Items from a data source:
━━━━━━━━━━━━━━━━━━━━━━━━━━━━━━

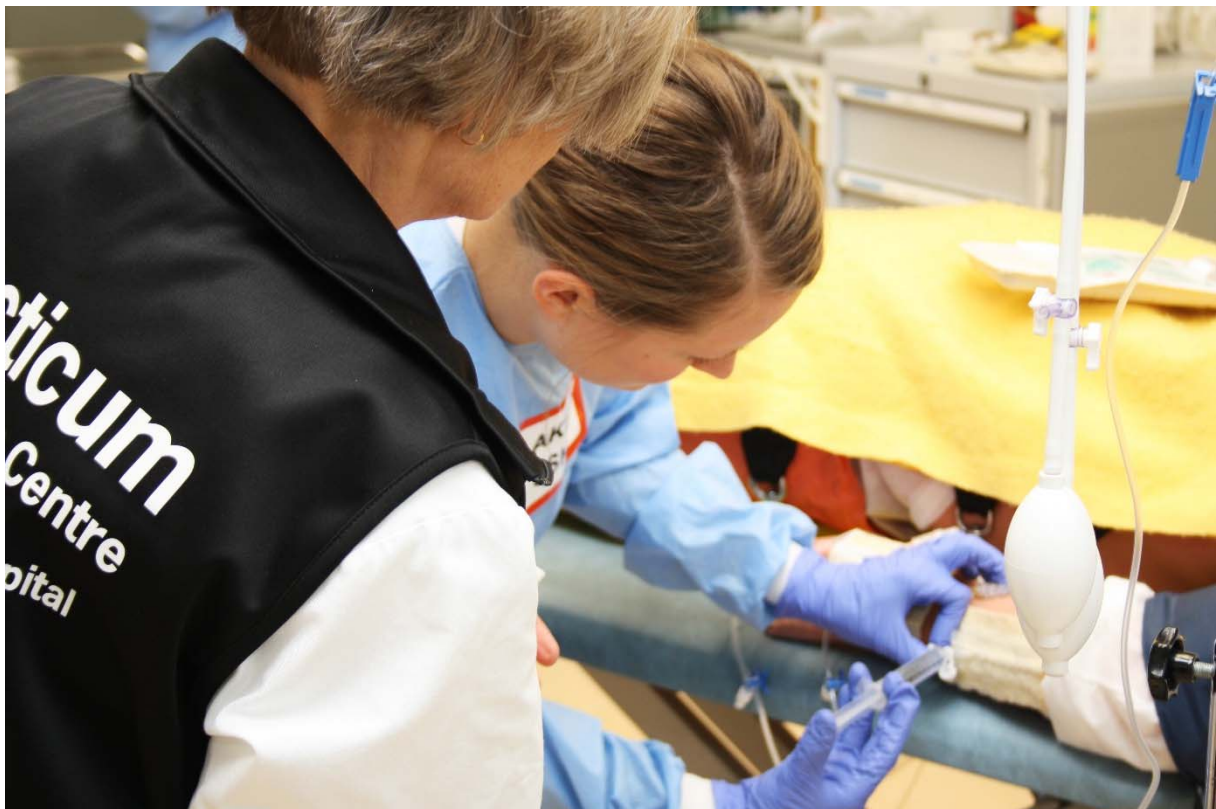
Läkarstudenterna i Malmö tränar akutvård bland annat i simulatormiljö på Practicum Clinical Skills Centre.

metoder inom bioteknologi och genetik. Den kliniknära forskningen utvecklar och utvärderar ny behandling och metodologisk innovation i patientvården och i operationssalarna inom såväl hög-specialiserad vård som för de sjukdomar och tillstånd som drabbar många.
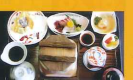
紫水園 ● ゆの花御膳
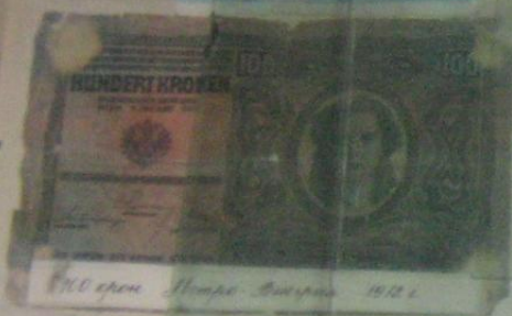
100 крон Норвегия 1912 г.
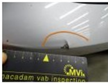
Bumper A, Kras(sen), LI - Herstellen en schilderen (compleet) 211,80
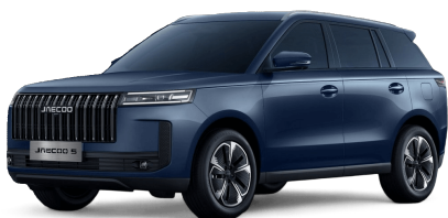
Glacier Blue 0 Kč
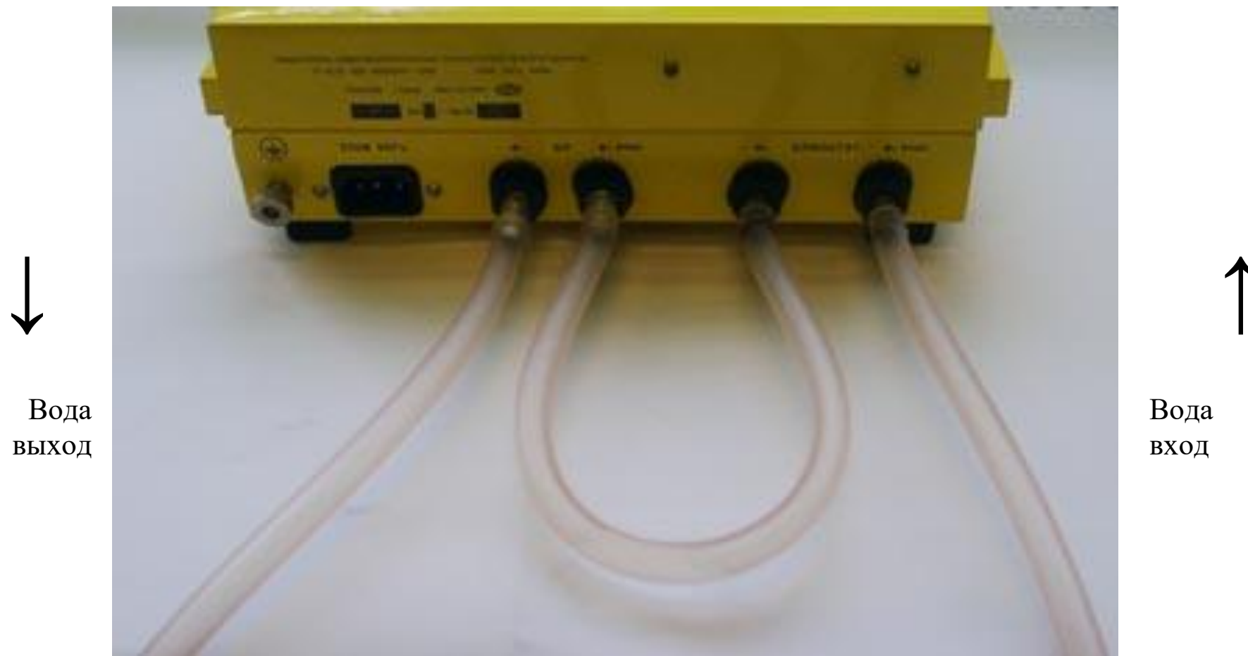
Вид прибора сзади

━━━━━━━━━━━━━━━━━━━━━━━━━━━━━━

**Exercise description**
The records above need to be printed in full and exactly, without any of the pictures.

**Finished task**
Läkarstudenterna i Malmö tränar akutvård bland annat i simulatormiljö på Practicum Clinical Skills Centre.

metoder inom bioteknologi och genetik. Den kliniknära forskningen utvecklar och utvärderar ny behandling och metodologisk innovation i patientvården och i operationssalarna inom såväl hög-specialiserad vård som för de sjukdomar och tillstånd som drabbar många.
紫水園 ● ゆの花御膳
100 крон Норвегия 1912 г.
Bumper A, Kras(sen), LI - Herstellen en schilderen (compleet) 211,80
Glacier Blue 0 Kč
Вид прибора сзади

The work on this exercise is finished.